For short runs or temporary fences we like the S20 all in one units by Gallagher We utilize solar chargers for all our electric fences. This particular energizer is a tru-test It is a 6j charger w/ a remote control. The fence can be turned on or off from any where that you can touch the wire.
We recently installed a new grazing system and we used water blocks for our watering areas. This allows the livestock to drink from the same tank from 4 different paddocks.

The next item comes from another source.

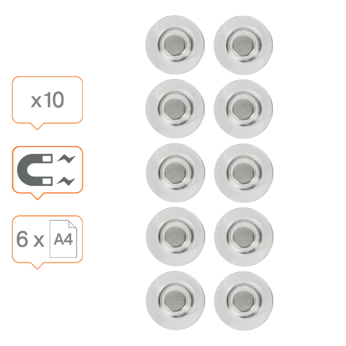 Prezentujte pripomienky a poznámky v kancelárii úhľadne a bezpečne. Magnety zo vzácnych zemín majú veľkú prídržnú silu, ktorá umožňuje upevniť až 6 listov papiera na akýkoľvek magnetický povrch, napríklad na popisovacie tabule, kartotéky alebo nástenky. Balenie: 10 kusov.

Aug is the date in the concrete on this hand dug well. We took almost 100yr old technology and threw some modern technology at it, pretty cool if you ask me. The well has about 10’ of water and it is spring fed. The well recharges at a rate of 1 gpm, and this was tested during a relatively dry time. We are using an 80 watt panel with (2) 12v battery linked to make a 24v system. The auger pump starts at 0 rpm and gradually increases, resulting in very minimal vibration and low power start up demand. The pump is currently producing 5 gpm. Currently watering 28 pair, the batteries are staying charged and the water level only changes a couple of inches or so.
We retain the majority of our calf crop and sell as freezer Beef. Mostly grain finished with a few grass finished. Still have a lot to learn about grass finishing. The majority of our customers work at Whiteman AFB. We try to have 2 ready per month.
Stall and pasture boarding is a large part of our operation. At present we board 34 horses and we have 4 ourselves. We offer stall boarding, pasture boarding, and foal delivery, just to name a few things.